● WORK TO COMPLETE
Although the material holds pictures, none belong in the copy; transcribe exactly, and only, the lines from the one with "Den klassiska synen" through the end.

'''

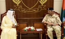 Manama, July 7 (BNA): The BDF Commander-in-Chief Field Marshal Shaikh Khalifa bin Ahmed Al Khalifa received Ambassador of Saudi Arabia to Bahrain Dr. Abdullah bin Abdul-Malik Al Shaikh.
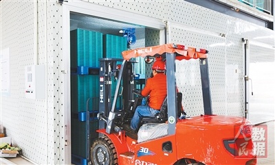 图为秧盘被送入暗化催芽室。 |
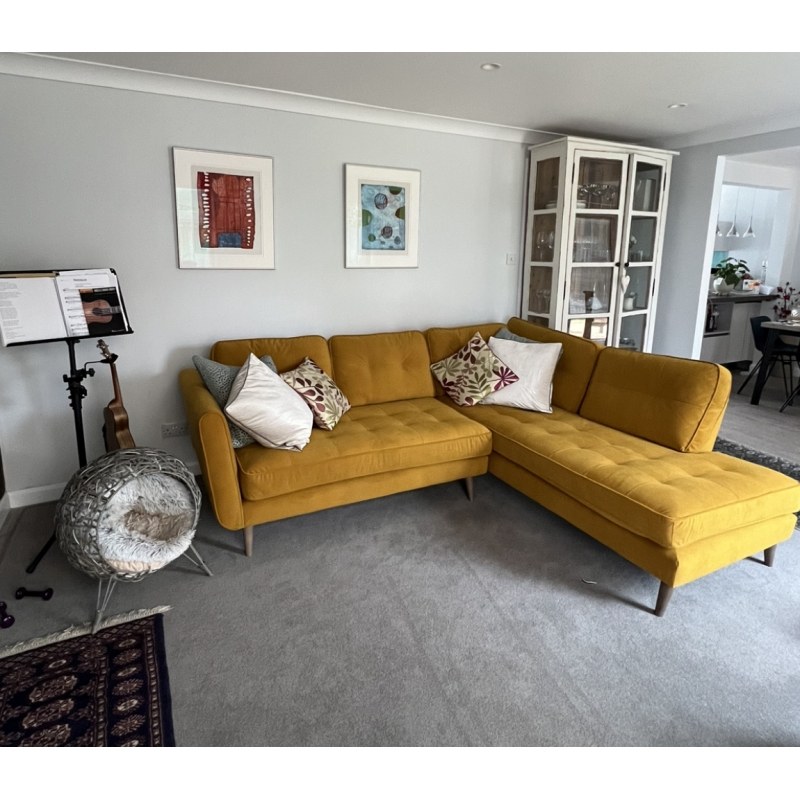 The Ivy corner sofa is a chic choice; with graceful curves, elegant piping and subtle buttonless tufting, with its iconic printed scatter cushions and retro colour palettes.
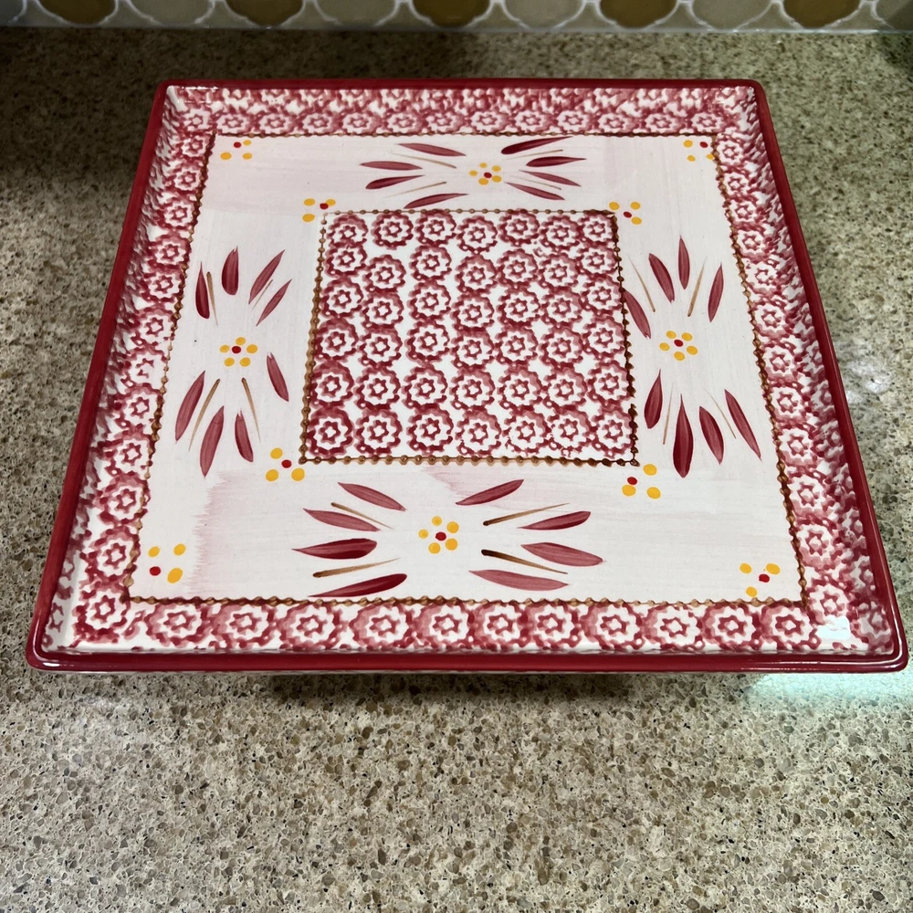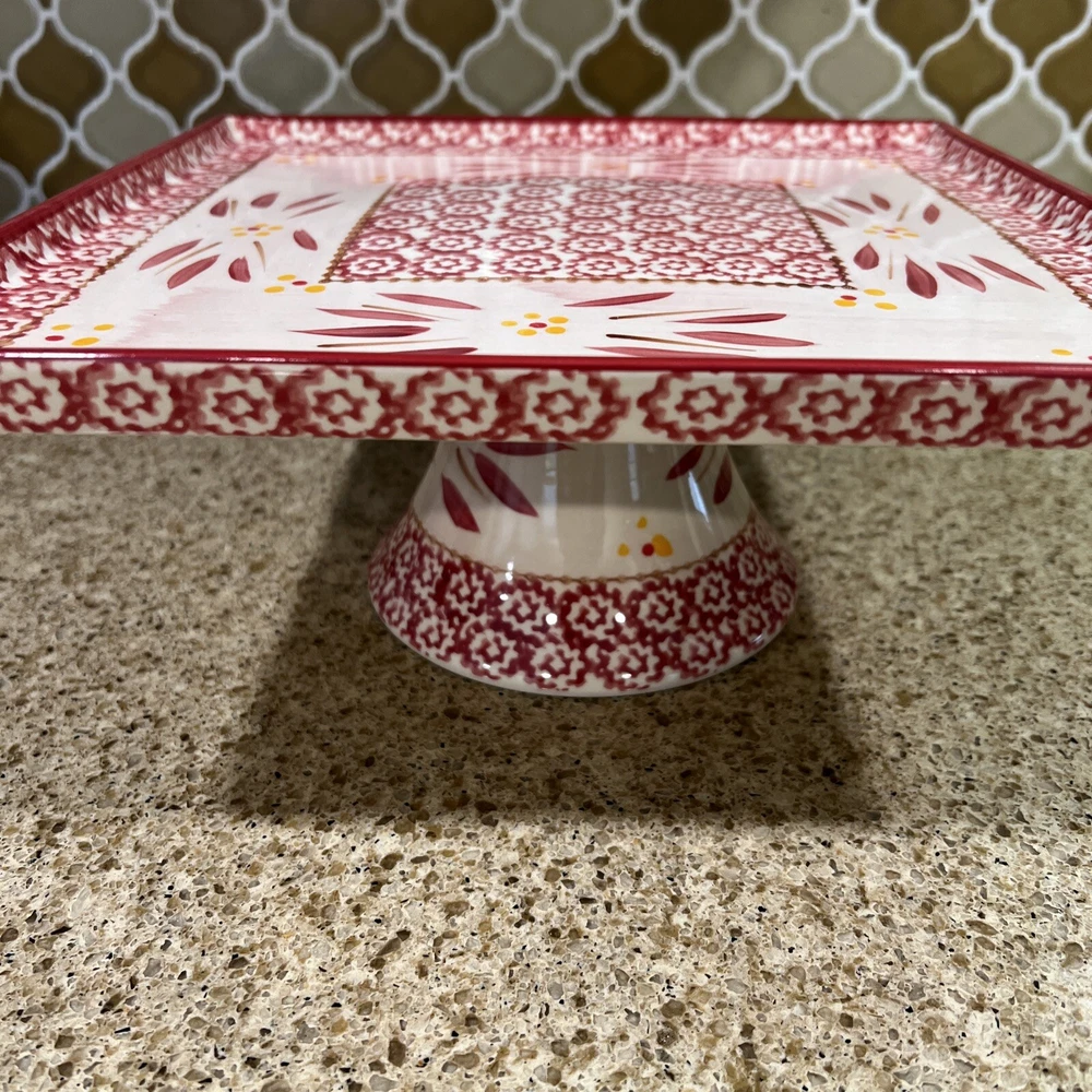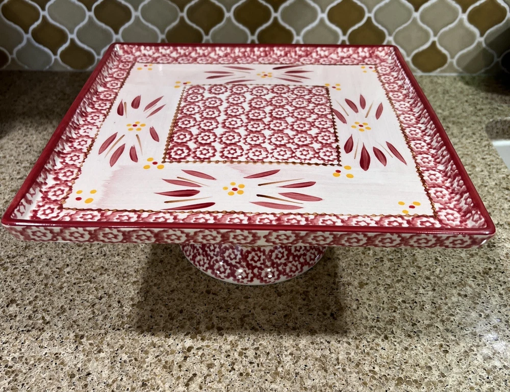 This beautiful cake stand by Temp-Tations is the perfect addition to your baking accessories. With a vibrant red color and a square shape, it adds a touch of elegance to any cake or cupcake presentation. Measuring at 11 “, it provides ample space for your sweet treats. The stand is sturdy and comes with a set that includes the stand itself. It is perfect for both personal and professional use, and is sure to impress your guests. Get this Old World Red 11" Diameter Square Pedestal Cake Stand by Temp-Tations today and elevate your cake game!
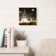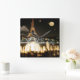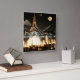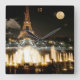 Den klassiska synen från Palais de Chaillot på natten. Torn står bakom belyst fontän medan ett stort måne tittar ner.
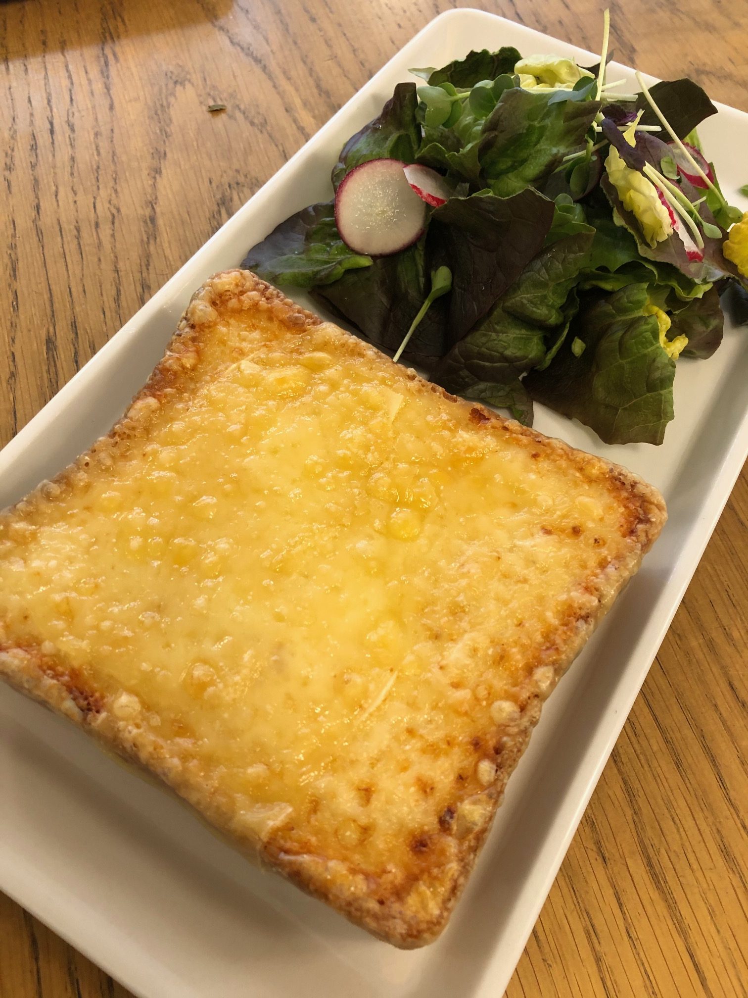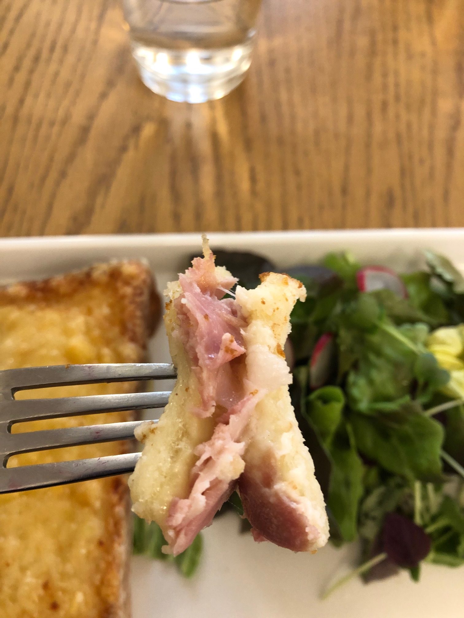 Son goût est doux et légèrement sucré, coupé en tranches épaisses pour bien le savourer, il est garni de Comté de 15 mois, de jambon blanc Prince de Paris et d’un soupçon de béchamel, ni trop, ni pas assez. Parfaitement équilibré, il a tout de l’authentique croque tel qu’on le mangeait à Paris il y a une vingtaine d’années. On trouve le même à Tokyo dans la maison mère. Au fait, il est possible d’acheter le succulent pain de mie à la boutique.

'''

● EXERCISE SOLUTION
 Den klassiska synen från Palais de Chaillot på natten. Torn står bakom belyst fontän medan ett stort måne tittar ner.
 Son goût est doux et légèrement sucré, coupé en tranches épaisses pour bien le savourer, il est garni de Comté de 15 mois, de jambon blanc Prince de Paris et d’un soupçon de béchamel, ni trop, ni pas assez. Parfaitement équilibré, il a tout de l’authentique croque tel qu’on le mangeait à Paris il y a une vingtaine d’années. On trouve le même à Tokyo dans la maison mère. Au fait, il est possible d’acheter le succulent pain de mie à la boutique.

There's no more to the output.